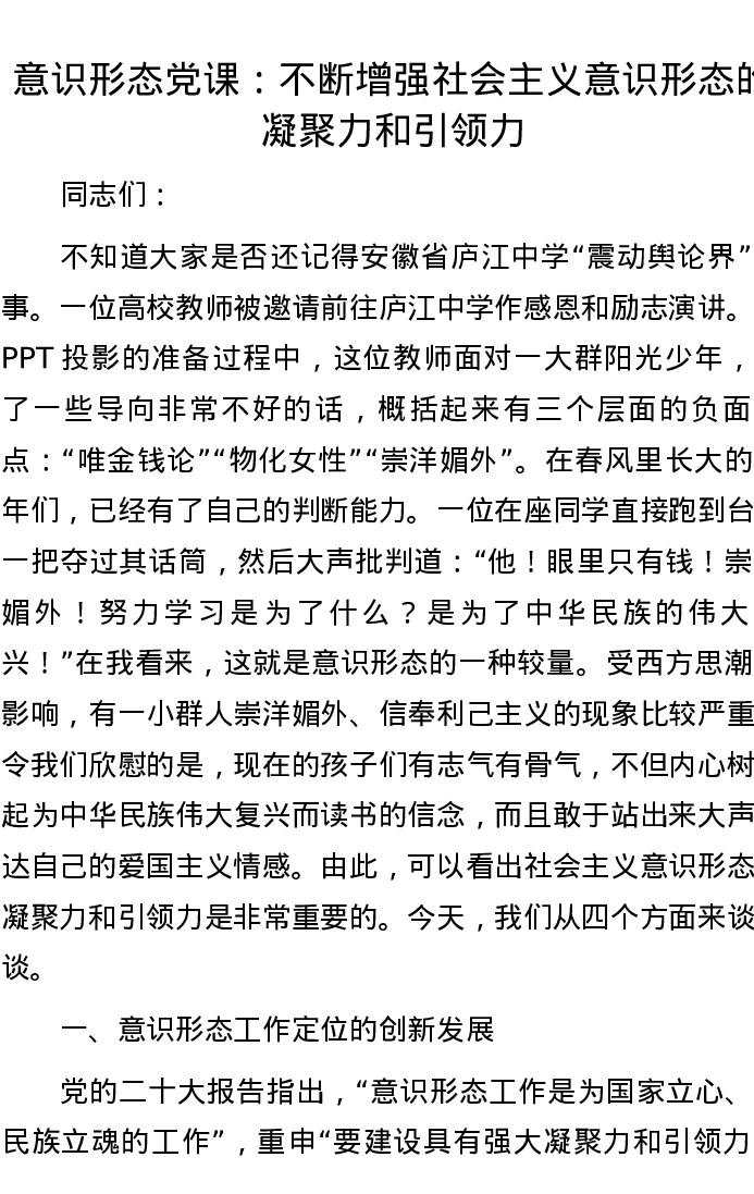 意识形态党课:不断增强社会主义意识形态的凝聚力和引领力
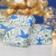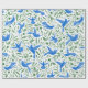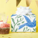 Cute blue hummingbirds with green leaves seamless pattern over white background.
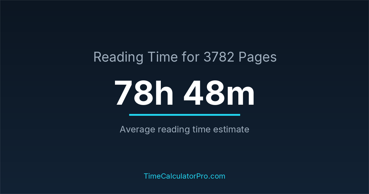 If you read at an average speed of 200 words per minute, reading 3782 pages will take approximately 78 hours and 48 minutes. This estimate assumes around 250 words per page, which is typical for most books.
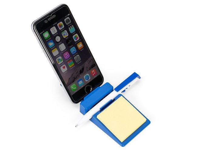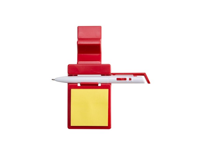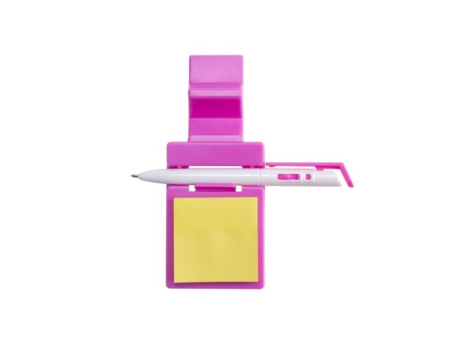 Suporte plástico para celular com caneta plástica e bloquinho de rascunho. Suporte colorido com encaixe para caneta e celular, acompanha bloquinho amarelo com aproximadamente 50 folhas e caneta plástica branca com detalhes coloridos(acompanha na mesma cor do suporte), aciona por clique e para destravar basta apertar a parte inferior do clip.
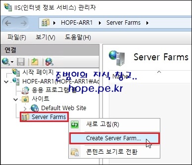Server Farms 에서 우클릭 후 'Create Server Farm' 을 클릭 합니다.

=====

## Work request:
In the records above, transcribe exactly the lines from the one containing "Cute blue hummingbirds" through the last line, both included, and skip the pictures.

## Reply:
 Cute blue hummingbirds with green leaves seamless pattern over white background.
 If you read at an average speed of 200 words per minute, reading 3782 pages will take approximately 78 hours and 48 minutes. This estimate assumes around 250 words per page, which is typical for most books.
 Suporte plástico para celular com caneta plástica e bloquinho de rascunho. Suporte colorido com encaixe para caneta e celular, acompanha bloquinho amarelo com aproximadamente 50 folhas e caneta plástica branca com detalhes coloridos(acompanha na mesma cor do suporte), aciona por clique e para destravar basta apertar a parte inferior do clip.
Server Farms 에서 우클릭 후 'Create Server Farm' 을 클릭 합니다.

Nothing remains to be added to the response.